_ CHAPTER XV. THE DEATH STONE
As the thrilled and frightened Indian lay prostrate at her feet, he might well have believed her to be some creature from another world.
Her face was very pale and round it fell in tumultuous glory the cascades of her golden hair. Her dress was torn to shreds by the jagged rocks and there was blood upon the delicate hands that she held out in pleading to the only living thing she saw-the red man.
He did not move. She stepped nearer and, stooping, gently touched his shoulder. At the touch he trembled like a leaf, but raised his head and looked at her with terror and awe and adoration in his eyes.
"Won't you help me? I have ben a prisoner in the cave. I must find Mr. Haines--Haines, do you hear? Or go to Rockvale--Rockvale," she repeated, hoping that the names at least he might understand.
He motioned questioningly toward his horse, and, at her nod, he sprang up and brought the animal to her side. Helping her to mount, he took the bridle and began to lead the way into the thickly wooded hills.
The journey was slow and arduous, but it was not long. Darkness had not yet fallen when the hill trail dipped into a valley, and Pauline's weary, hopeful eyes looked down upon a village on the plain.
The hope vanished quickly as she realized that the houses of the village were teepees and that the people that moved among them were braves and squaws.
An Indian boy of perhaps twelve years sprang suddenly from a thicket beside the trail, gave one glance at her, and, with a shriek, set off at full speed toward the teepees.
Cries sounded and resounded from the hills. Tom-toms were beating. She became aware that the Indians were swarming about her and acclaiming her a guest of unusual honor. They stopped her horse at the entrance to Red Snake's teepee. The great chief stepped forth himself, with Big Smoke, the medicine man, close behind him.
The prophet, who had foretold the coming of the Great White Queen, wore a mien of pride and triumph, even as he bowed low before Pauline. But of all the red folk in Shi-wah-ki village, Big Smoke was undoubtedly the most amazed at the fulfillment of his prophecy.

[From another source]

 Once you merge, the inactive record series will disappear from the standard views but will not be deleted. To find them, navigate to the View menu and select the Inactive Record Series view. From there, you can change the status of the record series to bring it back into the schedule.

The braves who were assigned to lift Pauline from her horse and bear her into the Chief's teepee were surprised that one immortal should be so weak as almost to fall into their arms, so weary as to be scarcely able to walk. But Pauline, seated upon a high pile of furs within the teepee, where the weird light of a fire fell upon her pallid features and her flowing hair, presented a picture strange and marvelous.
They gathered around her, Red Snake and the medicine man in the center of the adobe, the lesser chiefs behind them, and in another circle the ranks of the braves.

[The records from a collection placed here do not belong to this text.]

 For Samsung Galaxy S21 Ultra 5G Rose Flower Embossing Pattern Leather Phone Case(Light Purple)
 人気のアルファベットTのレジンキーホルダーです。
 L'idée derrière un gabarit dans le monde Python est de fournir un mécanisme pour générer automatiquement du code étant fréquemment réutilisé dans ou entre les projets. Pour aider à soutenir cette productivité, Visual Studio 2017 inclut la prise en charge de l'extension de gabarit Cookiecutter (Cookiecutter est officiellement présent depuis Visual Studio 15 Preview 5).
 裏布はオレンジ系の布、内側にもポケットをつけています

Even in her utter exhaustion, the savage solemnity of the gathering fascinated Pauline. Had she been left alone she would have fallen asleep upon the piled furs; but this low muttering, grim-visaged assemblage of the red men forced her to respectful attention. That they honored her, she understood; but she saw, too, that the Indians were all armed and some of them were painted. As Red Snake arose to address the tribe a menacing murmur filled the teepee and the young chiefs whetted their knives upon the ground.
Red Snake's harangue, unintelligible to Pauline, had an electrical effect upon the Indians. Frequently as he spoke he turned toward her and always when he did so he bent his head upon his breast and raised his mighty arms in token of submission to a power mightier than his own.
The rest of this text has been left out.